What is the maximum height above ground a projectile of mass 0.67 kg, launched from ground level, can achieve if you are able to give it an initial speed of 78.5 m/s?
V^2 = Vo^2 + 2g*h
V = 0
Vo = 78.5 m/s.
g = -9.8 m/s^2.
Solve for h.
To determine the maximum height a projectile can reach, we can use the concept of projectile motion and the conservation of energy.
The first step is to find the vertical component of the initial velocity. The initial velocity can be split into horizontal and vertical components.
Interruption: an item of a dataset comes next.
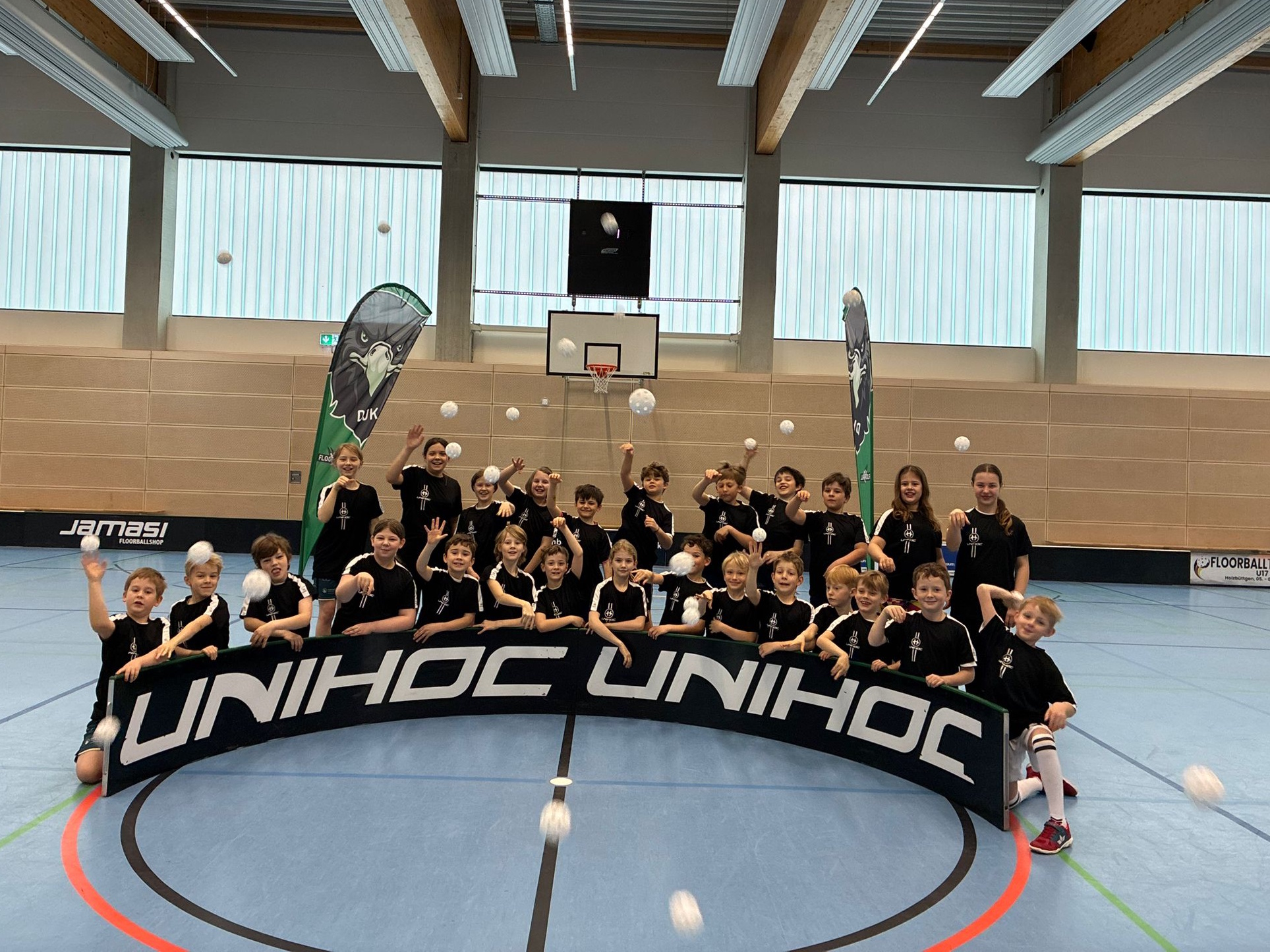 In der Sporthalle der Gesamtschule Büttgen fand in der ersten Woche der Osterferien 2026 das mittlerweile 14. UNIHOC Floorball Ostercamp der Floorballabteilung der DJK Holzbüttgen statt.

Since the projectile is launched from ground level, the initial vertical velocity component is equal to the initial speed.
Vertical initial velocity (Vy) = 78.5 m/s
Next, we need to find the time it takes for the projectile to reach its maximum height. At the maximum height, the vertical component of the projectile's velocity (Vy) becomes zero. We can use the equation for vertical velocity in projectile motion to find the time at which this occurs:
Vy = Vy0 + gt
Where Vy0 is the initial vertical velocity, g is the acceleration due to gravity, and t is time. Rearranging the equation, we have:
g * t = -Vy0
Solving for t:
t = -Vy0 / g
Given that the acceleration due to gravity is approximately 9.8 m/s², we can substitute the values:
t = -78.5 m/s / (-9.8 m/s²)
t ≈ 8.02 seconds
Now that we have the time it takes for the projectile to reach its maximum height, we can determine the maximum height using the equation for vertical displacement in projectile motion:
Δy = Vy0 * t + (1/2) * g * t²
Substituting the values we have:
Δy = 78.5 m/s * 8.02 s + (1/2) * 9.8 m/s² * (8.02 s)²
Δy ≈ 314.91 meters
Therefore, the maximum height above the ground that the projectile can achieve is approximately 314.91 meters.